The project is still in development, though a prototype of the platform was built for East Anglia, thanks to a collaboration between Anglian Water, UK Power Networks, and the BT Group. For this, Fathom provided CReDo with pluvial (rainfall), fluvial (river) and coastal data for the region under a range of climate scenarios for 2030 and 2050, as well as today’s climate state. 

The prototype can illustrate the potential effects of flooding on assets by predicting:

  • which sites would be affected by high water levels under different climate scenarios, for the different types of flooding – fluvial, pluvial, and coastal – and across a range of return periods
  • which assets in the network might fail or suffer as a result of cascading impacts
  • the resulting economic costs to the providers, and the wider societal impacts and costs.

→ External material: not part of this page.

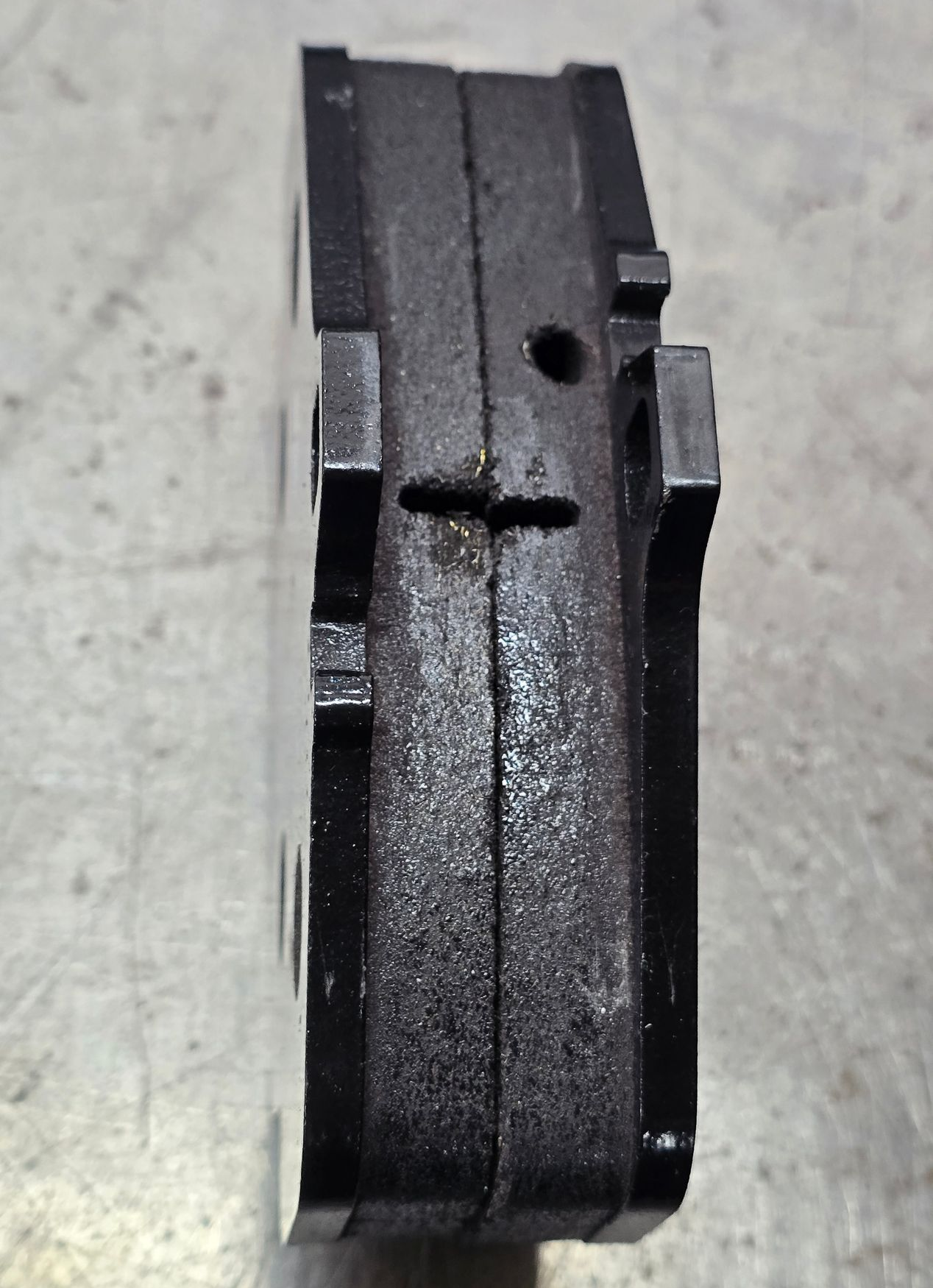 Image Above: Un-modified pad on the left. Modified pad, for wear sensor, on the right. This Porsche owner bought a complete performance brake kit from a reputable online store. The brake pads that come in the kit don't have holes for the new wear sensors (also in the kit) because they are a crossover pad that bridges the gap between Autocross and Daily Driving. I think it is assumed that when it comes to performance pads and performance driving, you always have your eyes on wear items. Either by removing the wheels for new/different tires, or by routine checks and cleaning. Since this Porsche owner is going to be driving mostly on Daily Driver's side of the performance spectrum; I am drilling holes in all eight break pads for the new wear sensors.
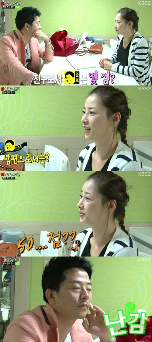 또 김준호의 아내는 김준호가 점수를 묻는 질문에 “친구로서 100점이다. 조언을 잘해준다”며 “남편으로서는 50점이다”라고 말해 김준호의 마음을 상하게 했다.

Thanks to the prototype’s success, CReDo is now able to scale up the platform across new regions and partners including the transport sector and local authorities, and for additional climate risks beginning with extreme heat.

In summary

Reducing uncertainty lies at the heart of appropriate investment into disaster response planning, enabled by high-quality input data. At Fathom, we’re committed to enhancing the quality of this data and the power of processing methods to help communities be better prepared, enjoy improved social and economic outcomes, and have more resources, time, and space to further contribute to tackling their–and our–global challenges.

These projects are just a few examples of how actionable flood data can strengthen decisions (by decision-makers including country planners, disaster managers, first responders, and government focal points) on how to protect vulnerable communities from flooding and climate change. What is hopefully clear throughout these examples is not just the value of data, but also the importance of collaboration, with partners coming together to plan and invest in climate change adaptation and resilience matters, together. 

Peter Slater is part of the engineering team at water risk intelligence firm Fathom. He works closely with engineering and architecture consultancies around the globe, helping to improve their understanding of how flooding interacts with the natural and built environment. With a degree in civil and structural engineering, and a passion for technology, Peter’s particular focus is on integrating flood data into different platforms and digital twins.